- Exercise description
All of the data should be reproduced word for word, though its pictures must be omitted.

Information supplied below:

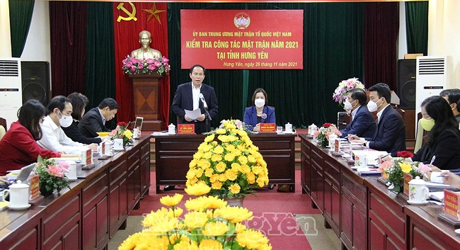Ngày 26.11, đoàn công tác của Ủy ban Trung ương MTTQ Việt Nam do đồng chí Lê Tiến Châu, Uỷ viên BCH Trung ương Đảng, Phó Chủ tịch - Tổng thư ký Uỷ ban Trung ương MTTQ Việt Nam làm trưởng đoàn kiểm tra công tác Mặt trận năm 2021 tại tỉnh Hưng Yên. Tiếp và làm việc với đoàn về phía tỉnh có các đồng chí: Đặng Ngọc Quỳnh, Uỷ viên Ban Thường vụ Tỉnh uỷ, Phó Chủ tịch Thường trực UBND tỉnh; Quách Thị Hương, Uỷ viên Ban Thường vụ Tỉnh uỷ, Trưởng ban Dân vận Tỉnh uỷ, Chủ tịch Uỷ ban MTTQ Việt Nam tỉnh…
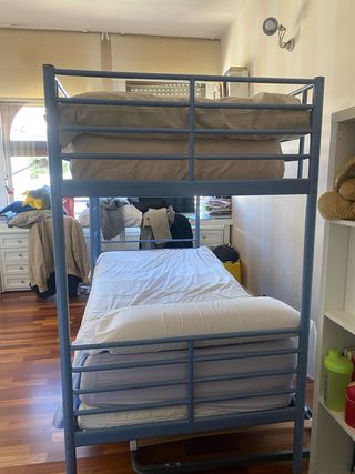 Litera de metal con un diseño clásico, ideal para optimizar el espacio. Modelo Tromso-Ikea - Estructura de tubo de hierro. - Colores disponibles: azul Tercer somier nido Incluye 2 colchones ikea sin usar La vendo desmotada. Las fotos son actuales porque la cambio Conservo manual de montaje
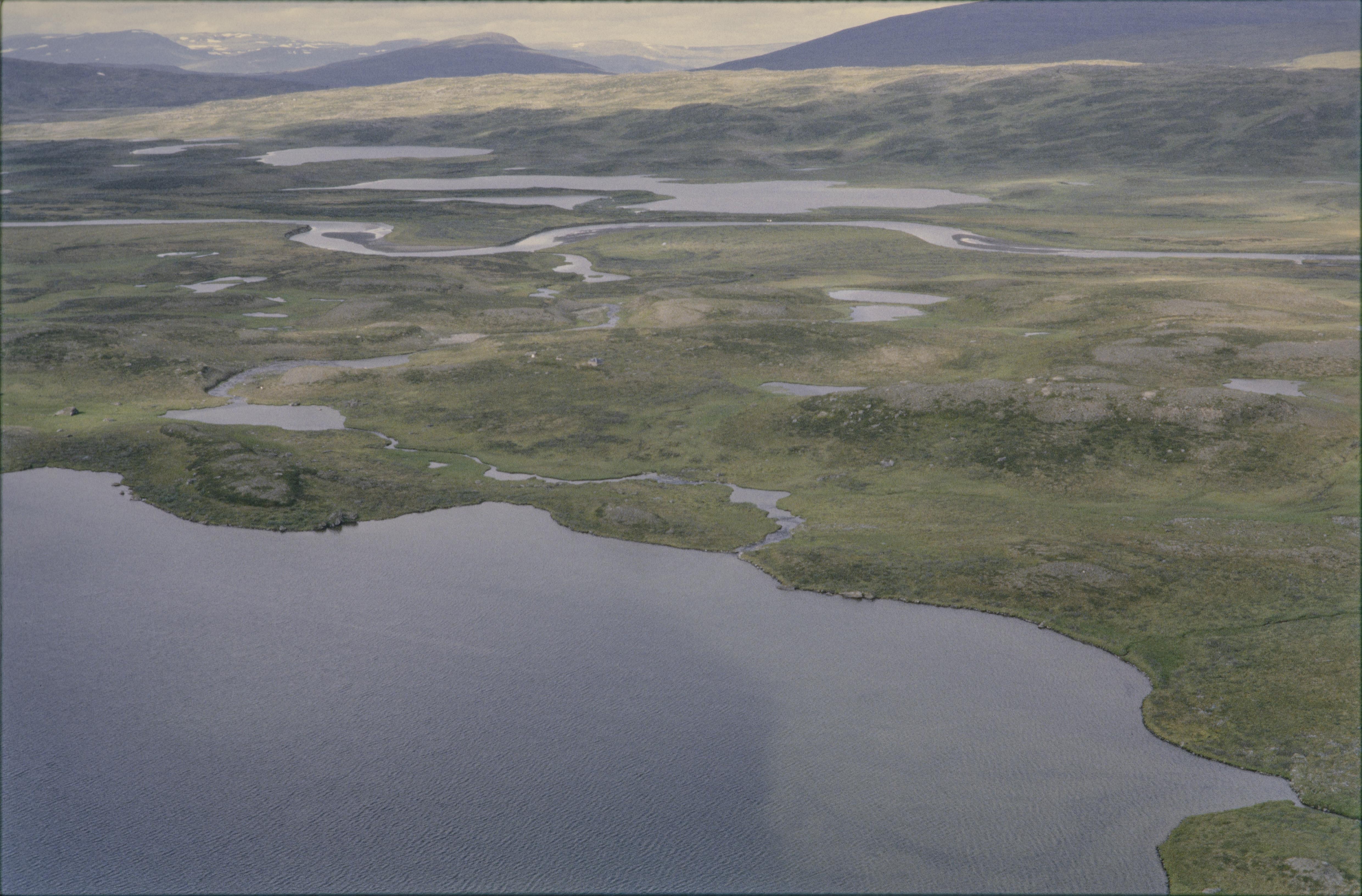 Beskrivning: Parajaure (Bårajávrre) sjö, sydväst om fjällområdet Låutak (Låvdak). Vid stranden under bildens mitt härd RAÄnr Jokkmokk 550:1, 609:1. kåta Jokkmokk 610:1, m.fl. En renvaktarstuga vid ån Låvdajåhkå i bildens mitt. Området ingår i Padjelanta (Badjelánnda) nationalpark och världsarvet Laponia. Bilden är tagen mot (väderstreck): N
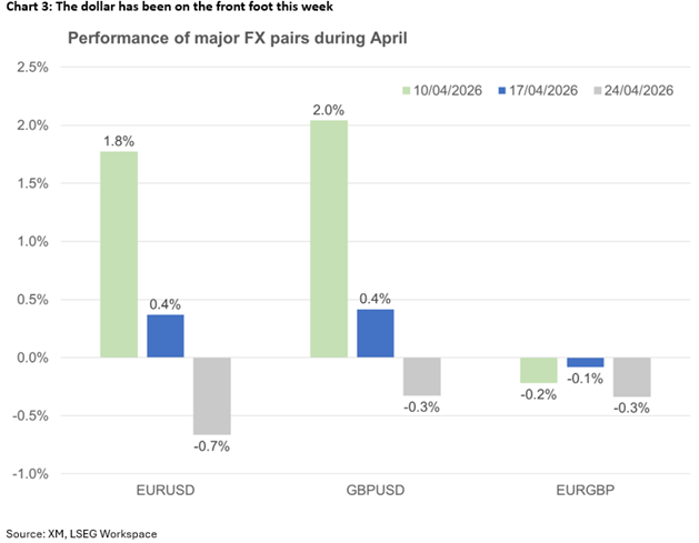 經歷了4月上半月美元對歐元和英鎊顯著表現不佳後,本週美元表現明顯改善,受益於中東談判缺乏進展。截至發稿時,美元指數自週一開盤以來上漲0.8%,扭轉了上週的跌勢。

End of Information supplied.

- Answer box
Ngày 26.11, đoàn công tác của Ủy ban Trung ương MTTQ Việt Nam do đồng chí Lê Tiến Châu, Uỷ viên BCH Trung ương Đảng, Phó Chủ tịch - Tổng thư ký Uỷ ban Trung ương MTTQ Việt Nam làm trưởng đoàn kiểm tra công tác Mặt trận năm 2021 tại tỉnh Hưng Yên. Tiếp và làm việc với đoàn về phía tỉnh có các đồng chí: Đặng Ngọc Quỳnh, Uỷ viên Ban Thường vụ Tỉnh uỷ, Phó Chủ tịch Thường trực UBND tỉnh; Quách Thị Hương, Uỷ viên Ban Thường vụ Tỉnh uỷ, Trưởng ban Dân vận Tỉnh uỷ, Chủ tịch Uỷ ban MTTQ Việt Nam tỉnh…
 Litera de metal con un diseño clásico, ideal para optimizar el espacio. Modelo Tromso-Ikea - Estructura de tubo de hierro. - Colores disponibles: azul Tercer somier nido Incluye 2 colchones ikea sin usar La vendo desmotada. Las fotos son actuales porque la cambio Conservo manual de montaje
 Beskrivning: Parajaure (Bårajávrre) sjö, sydväst om fjällområdet Låutak (Låvdak). Vid stranden under bildens mitt härd RAÄnr Jokkmokk 550:1, 609:1. kåta Jokkmokk 610:1, m.fl. En renvaktarstuga vid ån Låvdajåhkå i bildens mitt. Området ingår i Padjelanta (Badjelánnda) nationalpark och världsarvet Laponia. Bilden är tagen mot (väderstreck): N
 經歷了4月上半月美元對歐元和英鎊顯著表現不佳後,本週美元表現明顯改善,受益於中東談判缺乏進展。截至發稿時,美元指數自週一開盤以來上漲0.8%,扭轉了上週的跌勢。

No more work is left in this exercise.